# PNY Technologies



## Guest (Nov 3, 2002)

I purchased a stick of PNY DDR from Best Buy. The stick came with a rebate for $20 US. As we all know...rebate people make you jump through a bunch of hoops in the hopes that you will either not bother claiming your rebate, or make a mistake so they can disallow the thing. For this reason, I am very careful when filling out rebate forms and following instructions. Anyway...I sent in my form. About a week later I got a letter telling me my rebate would not be honored for. "One of the following reasons..."

They didn't specify which reason, but simply said it was one of the ones on the list. Things like "Too many claims from the same household" or "Unique Identifiers already matched a previous claim...." Yadda...yadda...yadda

None of the reasons applied to me, so I sent them a nasty email telling them they had no right to withhold my rebate. I never got a reply from them.....but I DID get a rebate check yesterday.

So....

The Bad news is that PNY tried to screw me out of my rebate. The good news is that they apparently read their email messages and respond. Take it for it is worth....


----------



## Guest (Nov 5, 2002)

I sure do Ol Sarge...LOL


----------



## tonyl37 (Dec 16, 2002)

Well I just had a great experience with PNY. After spending ten minutes on the phone listening to some recorded guy (who had to pause every three seconds just to double the length of time you need to spend on the phone) and listening to the same message tell me to check their web site for common problems at least twice, I finally got put into the qeue to talk to a tech guy.
About thirty minutes later I was able to tell a live person that the replacement graphics card they had sent me to replace the first faulty graphics card was now also on the blink.
I got the usual, 'send it back and we'll send you a new one' routine. However, when I informed him that I wanted the new card cross shipped like the first time, I was told that there is now a $30.00 handling fee for that!
Can you believe this nonsense? I have had defective computer products cross shipped to me at least a dozen times, and I have never been charged like this before. But if I want my computer up and running sooner rather than later, the guys who caused me my inconvenience in the first place want to dip into my wallet again!
I told their manager exactly what I thought about this, and suggested that rather than pay them again, I would return my card and buy a new one from someone else. 'Sorry, no refunds, we only offer exchanges on our products.'
So there you have it. PNY puts their customer service and satisfaction a distant second behind their money grubbing bottom line. I'm stuck with a computer I can't use, with no option but to either wait for the package delivery system to wind it's way across the country, or bend over and just get it over with sooner.
These guys have really honked me off and I will NEVER buy one of their products EVER again. 
Take my advice. If people out there like to avoid a lot of unnecessary hassle, dont buy from PNY.


----------



## videobruce (Nov 8, 2002)

> _Originally posted by Ol Sarge:_
> *Glad to hear that you got your $. Sometimes you just have to get loud and rattle their cages. P.S. It could be a union outfit, and you know how THEY are. *


I resent your upper class white collor bashing ANY Union people! You Regan puppets should all rot in Hell for what you have done to this country! It's you upper class college educated a**holes that are scamming everyone else with these bogus rebates so you can pocket the difference!


----------



## phareous (Dec 26, 2002)

I recently (like 4 weeks ago) bought a PNY multicard reader that does USB 2.0 and reads smart, mmc, compact flash, memory stick, etc.

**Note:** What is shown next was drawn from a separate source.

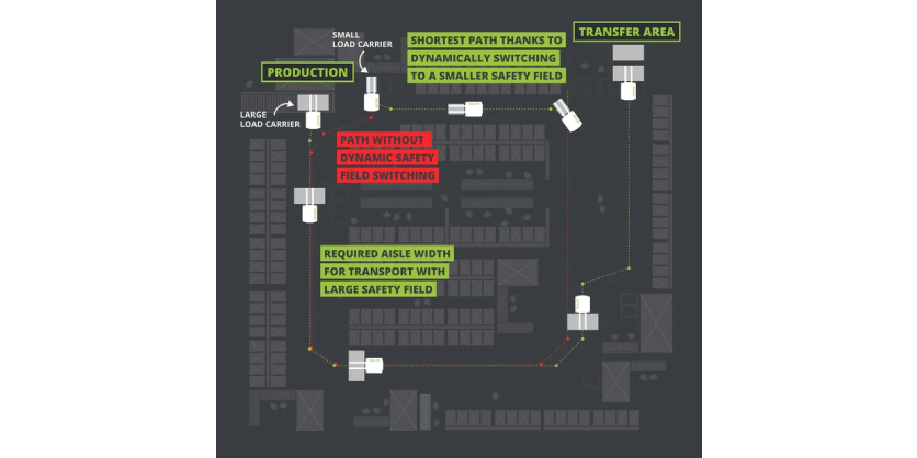 - The size of the safety field is adjusted to the load carrier type, thus optimizing paths and significantly reducing cycle times.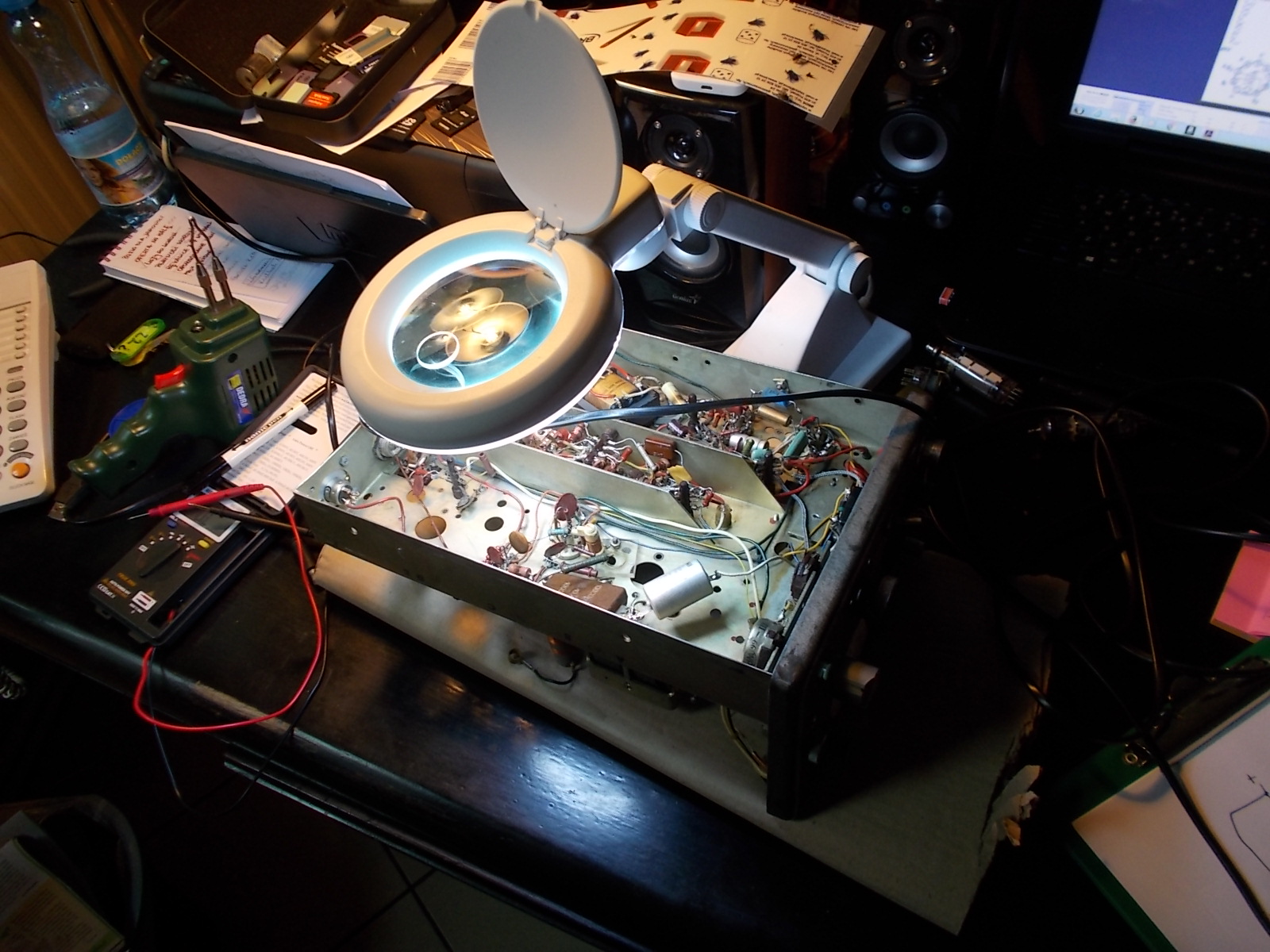 ) że konstruktor dodał dwa stopnie wzmocnienia czego na pierwszy rzut oka nie zauważyłem. myślałem że użył tu "pół lampy" i z tamtej drugie "pół" bo tak wygodniej. Ale gdy wziąłem się za nadajnik to okazało się że jest dodany dodatkowy driver na EF80 i dodatkowy przedwzmacniacz na ? No właśnie...

Well it worked fine for a few weeks than broke. If its plugged in my computer won't boot, and if I boot my computer then plug it in the computer freezes.

So no problem I thought...I'll just RMA it and get another one. Well I go to their site and click on Warranty and the multicard isn't even listed. So I thought I'd email them? Well no email address. Fax them? Nope no fax. 

I go and get the original packaging I had with the card and call the tech support number. I must have clicked through 20 voice menu prompts and it seemed like forever (10 minutes probably). I finally get to the point where it tells me to hold for a tech support person...and the hold time was like 40 minutes (this is well before christmas too). It says I can leave voicemail and they will call me back...so I do...and I don't hear back.

So I try to call back today (day after christmas) and the line is busy. Unbelievable. I'll never buy another PNY product again.


----------